Пол неприятно холодил ступни. Где же у Ахмеда кровать? А, вот: узкое ложе, разумеется, недостойное Хадидже-хатун, ну да ладно, сойдет.
– Раздевайся.
Ей все же удалось поразить евнуха: Ахмед вздрогнул, уставился молящими глазами, словно не поверил услышанному. И правильно не поверил: не могла Хадидже такого сказать. Не должна была.
Но вот – сказала.
Какая теперь разница-то… В последний раз человеку может быть позволено и не такое.
– Раздевайся… Гиацинт. Ты правильно понял, зачем я пришла. Но даже смерть может быть… приятной.
Ложь: смерть никогда не бывает приятной. Однако непосредственно перед смертью человек действительно может быть счастлив. Уж кто-кто, а перчатка Богини знала об этом все.

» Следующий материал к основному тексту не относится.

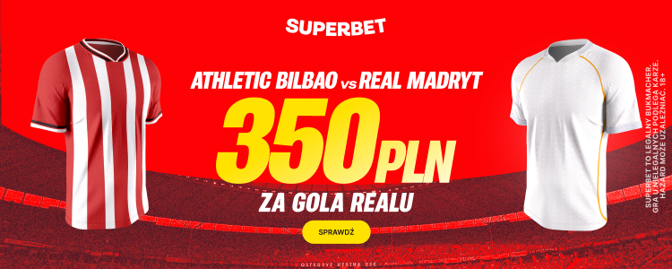 Cześć, fani La Liga i Królewskich! Mamy dla Was fantastyczną promocję, która podkręci emocje przy oglądaniu Realu Madryt! Superbet ogłosił specjalną ofertę, w której możecie odebrać AŻ 350 PLN EKSTRA za to, że Real Madryt strzeli choćby jednego gola w meczu ligowym przeciwko Athletic Bilbao!
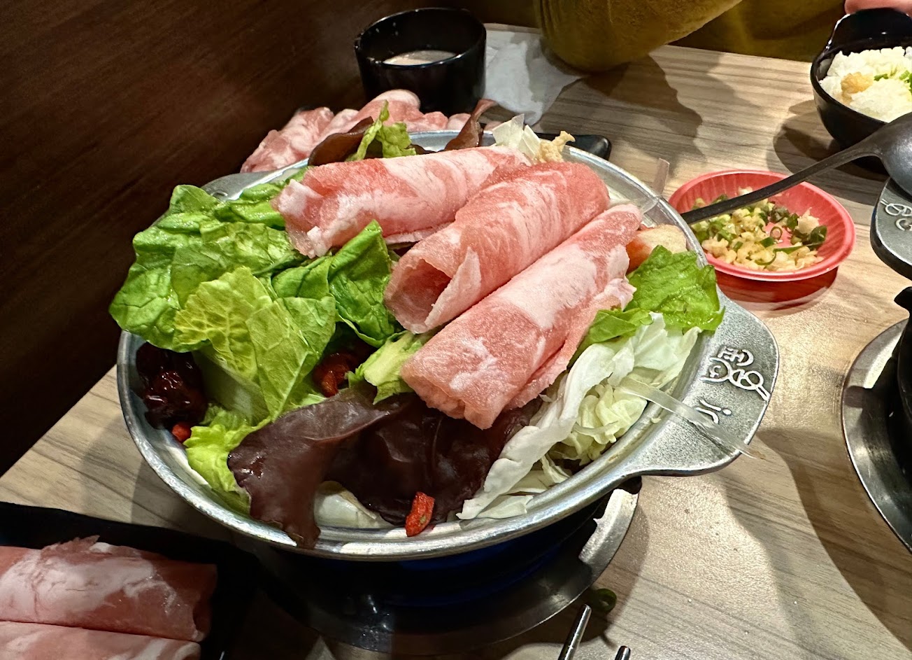 位於汀州路靠近師大分部的位置,機車位不容易找,排隊人潮很多。室內寬敞位置多,但還是可能要候位。一鍋差不多一百五左右,升級的話兩百多,很適合學生的價位。店內提供冰淇淋、霜淇淋、飲料。
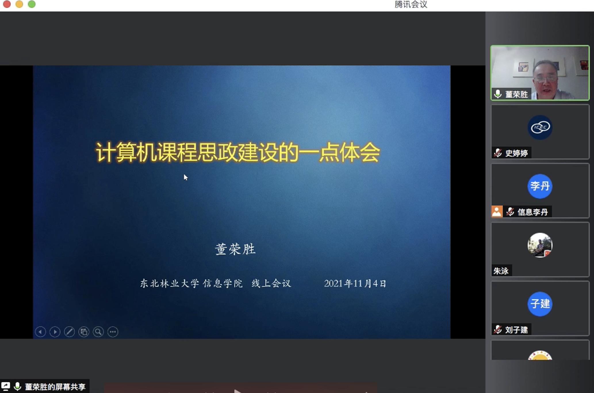 为全面贯彻党的教育方针,落实《高等学校课程思政建设指导纲要》要求,推进课程思政建设,将课程思政教育与专业教育课程相结合,11月4日下午13:30信息学院通过腾讯会议举办了第二期“课程思政专家谈”系列线上讲座交流活动。本次活动邀请桂林电子科技大学的董荣胜教授做了题为《计算机类课程思政建设的一点体会》的主题报告。
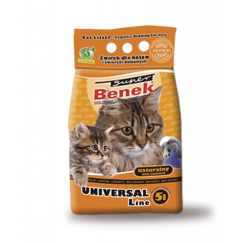 Żwirek Super Benek 10 l Uniwersalny pomarańczowy po kontakcie z wilgotnymi zwierzęcymi odchodami zmienia się w bryłki. Szybko usuniesz je z kuwety i łatwo zadbasz o czystość w kociej toalecie. Ten naturalny produkt nie pyli się oraz starcza na bardzo długo. Zainwestuj w ten żwirek, a będzie wymagał on wymiany dopiero po 30 dniach - jeżeli z kuwety korzysta 1 kot.
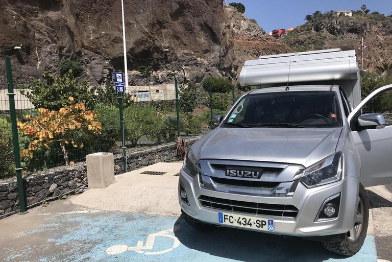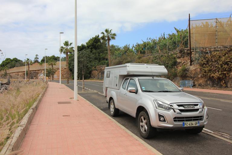 Nous prenons l'autoroute en direction de Los Cristianos. Nous faisons quelques courses au Lidl de San Miguel de Abona. Ceci étant fait, nous nous mettons à la recherche d'un lieu de bivouac en bord de mer, dans les environs de Costa del Silencio. Nous faisons plusieurs spots indiqués sur P4N sans trouver notre bonheur, ce sont soit des parkings aux pieds d'immeubles d'habitation, soit des emplacements qui n'existent plus...
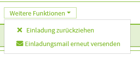 Unter "Weitere Funktionen" haben Sie die Möglichkeit, die Einladungsmail erneut zu versenden oder die Einladung zurückzuziehen:
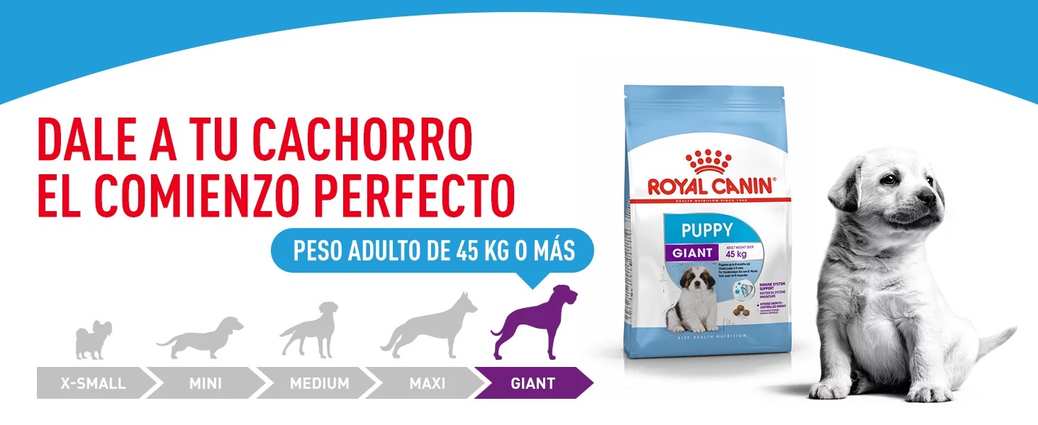 Royal Canin Giant Puppy es un alimento idóneo para acompañar a tu cachorro en esta fase tan importante de su vida. El contenido de energía especial, así como los nutrientes esenciales, fomentan el bienestar y, con ello, un gran comienzo en la vida de tu cachorro.
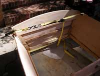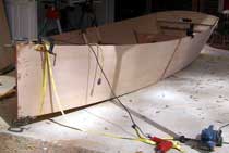| The transom is added. We found that the racheting tie down straps available inexpensively at boat and hardware stores make an excellent and easy to use Spanish windlass. Here it holds the transom in place for a trial fitting. |
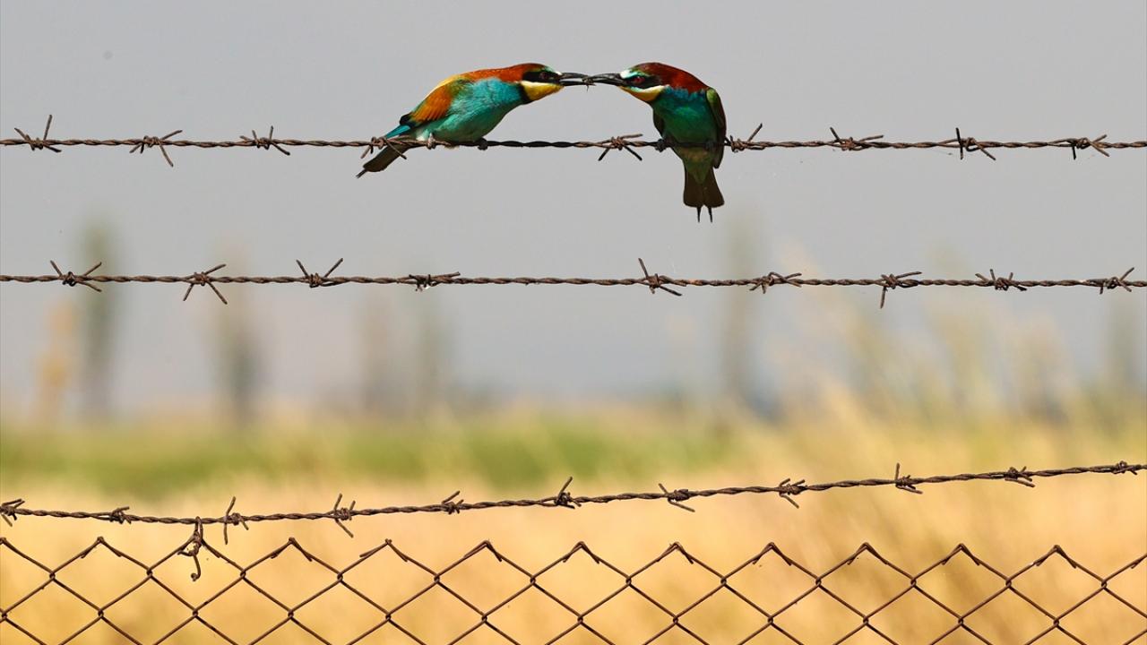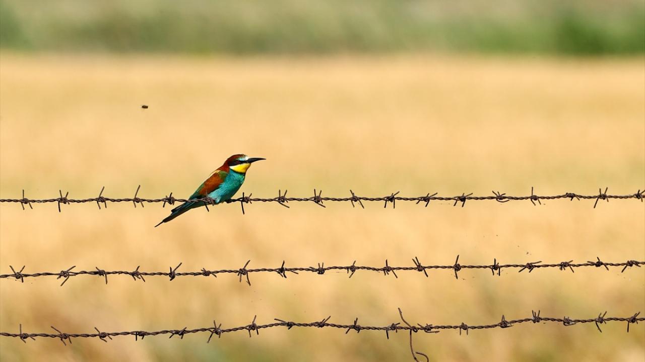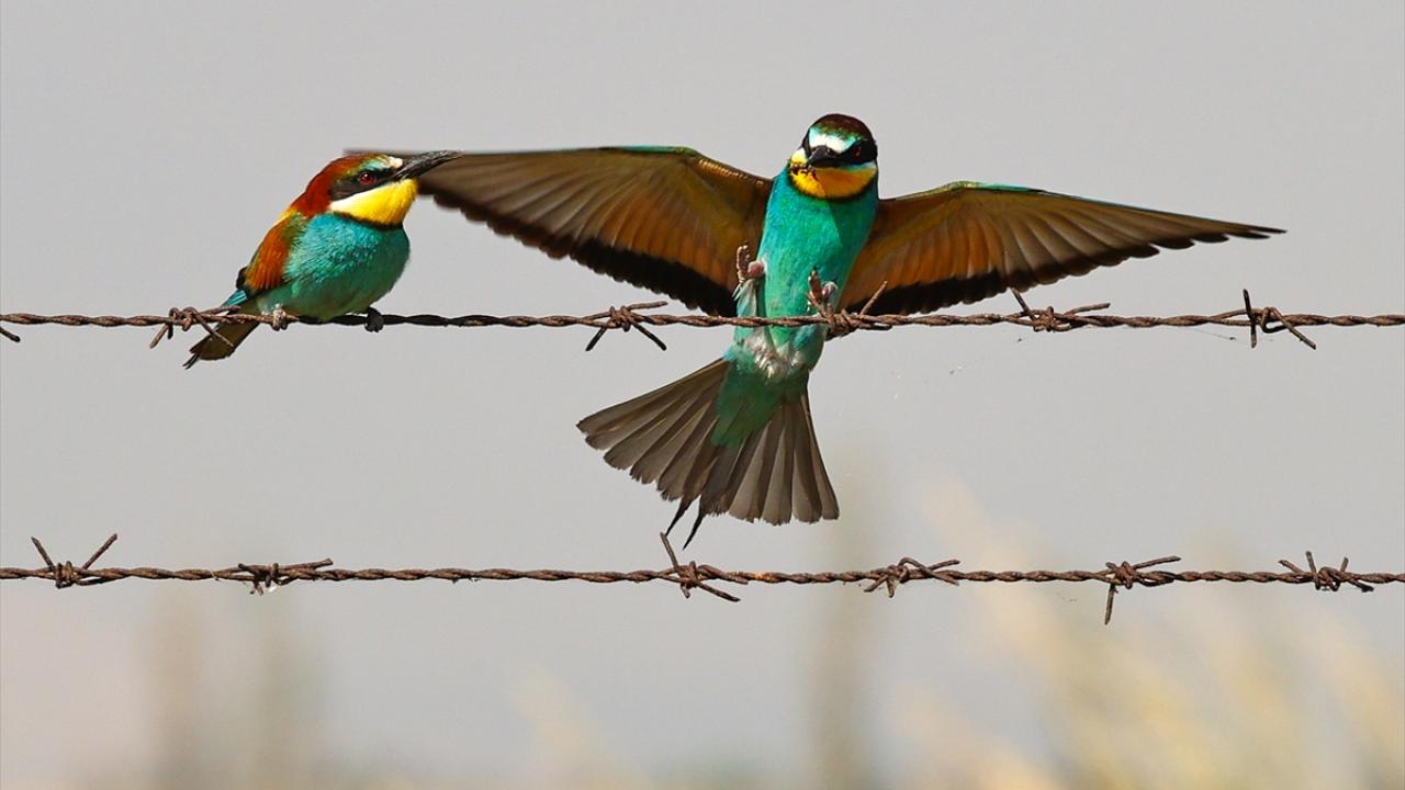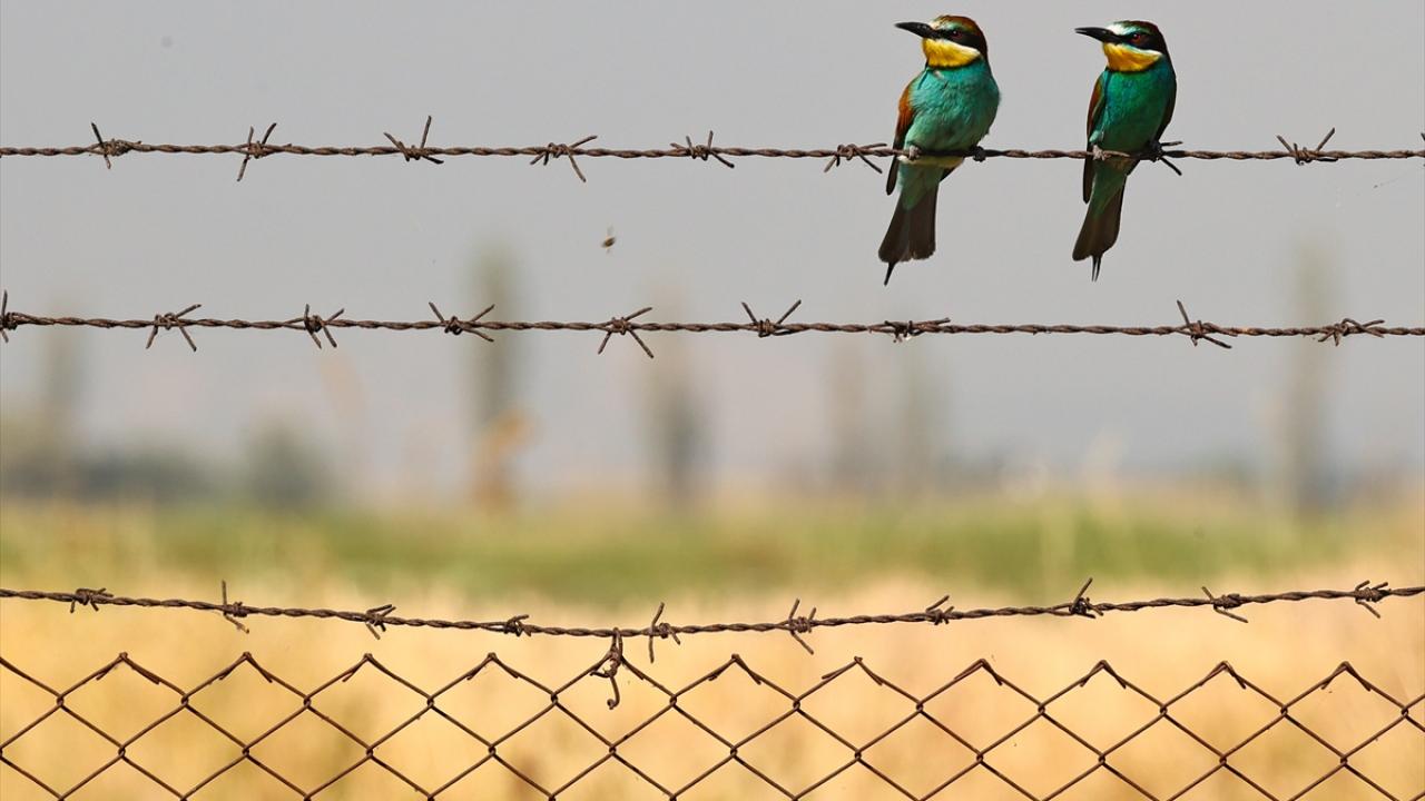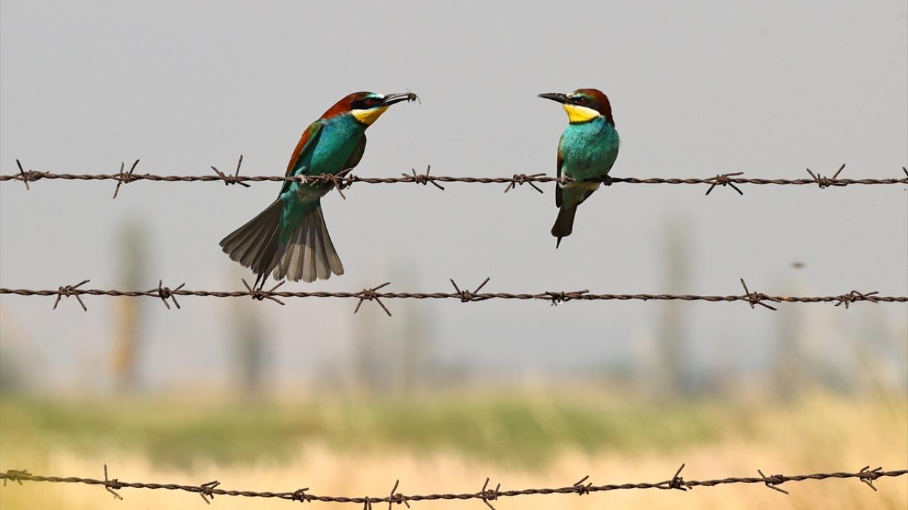 Temel besin kaynağı arılar olduğu için halk arasında 'Arı Kuşu' olarak adlandırılan Merops apiaster cinsi kuşların İzmir'in Çiğli ilçesinde Kuş Cenneti yakınındaki bir güvenlik telinin üstünde beslenme anları görüntülendi.

Глаза Ахмеда наполнились радостным светом, губы впервые растянулись в улыбке – мальчишеской, неудержимой, совершенно и беззастенчиво счастливой. Он сбросил одежду в пару мгновений. Хадидже, напротив, раздевалась неторопливо, подчеркнуто чувственно, наполняя каждое движение скрытым смыслом, превращая его в таинство.
– Помоги мне, Гиацинт.
И улыбнуться – ласково, маняще. Так, чтобы мужчина потерял голову. Даром, что Ахмед не мужчина, – это сейчас совершенно не имеет значения.
Эх, Ахмед, Ахмед… Ну почему ты не встретил юную плясунью Шветстри где-то там, где ты мог бы стать той самой, единственной и неповторимой рукой для этой перчатки? Почему жизнь настолько жестока?
Ну да теперь уже поздно рыдать и каяться.
Удавка завораживающе покачивалась в правой руке Хадидже, в то время как левой она гладила себя по обнажившейся груди. Ахмед не сводил с нее сияющих глаз, спешно помогая освободиться от остатков одежды.
Уже обнаженная, Хадидже толкнула Ахмеда на ложе. Припала губами к губам, потерлась грудью о его безволосую грудь, села сверху и начала делать то, что делала когда-то давным-давно с юным Гиацинтом.
Массаж, от которого мужчины стонут, всхлипывают, будто малые дети, и кричат, забывая обо всем. И евнухи тоже кричат. Иначе никак. Иначе зачем все это?
Ахмед послушно стонал, всхлипывал, кричал и бился под Хадидже, и глаза его светились ярче звезд.
– Зажмурься, – шепнула ему Хадидже, но евнух помотал головой:
– Нет, госпожа. Нет. Не проси.
– Хорошо. Не буду.
Третий пик наслаждения – это время, когда слезы наворачиваются на глаза самому стойкому из мужчин, когда тело размякает, будто кисель, а дыхание становится легким и прерывистым. Это время женской власти, время, когда женщина может сделать с мужчиной все, что угодно.
«Дарую тебя моей Богине, и да будет моя жертва угодна Ей», – всплыли из глубин памяти позабытые слова. Хадидже глубоко вздохнула и накинула удавку на горло Ахмеда.
Он не сопротивлялся – лишь в самом конце, когда душа уже не властна над телом, бьющимся в смертельной агонии, руки его взметнулись и уцепились за руки Хадидже. Но сил у евнуха уже почти не оставалось, и вскорости он обмяк, лицо его покраснело, а язык вывалился изо рта. Смерть редко когда бывает красивой, иного Хадидже и не ожидала.
Ахмед еще неплохо ушел. Ведь глаза его, широко распахнутые, блестящие от непролитых слез и безумных желаний, до самой его смерти смотрели на госпожу его сердца.
– И да будет так, – сухими губами прошептала Хадидже, – да будет так, как угодно Богине и как хорошо Ей. И да будет так, а не так, как желают люди…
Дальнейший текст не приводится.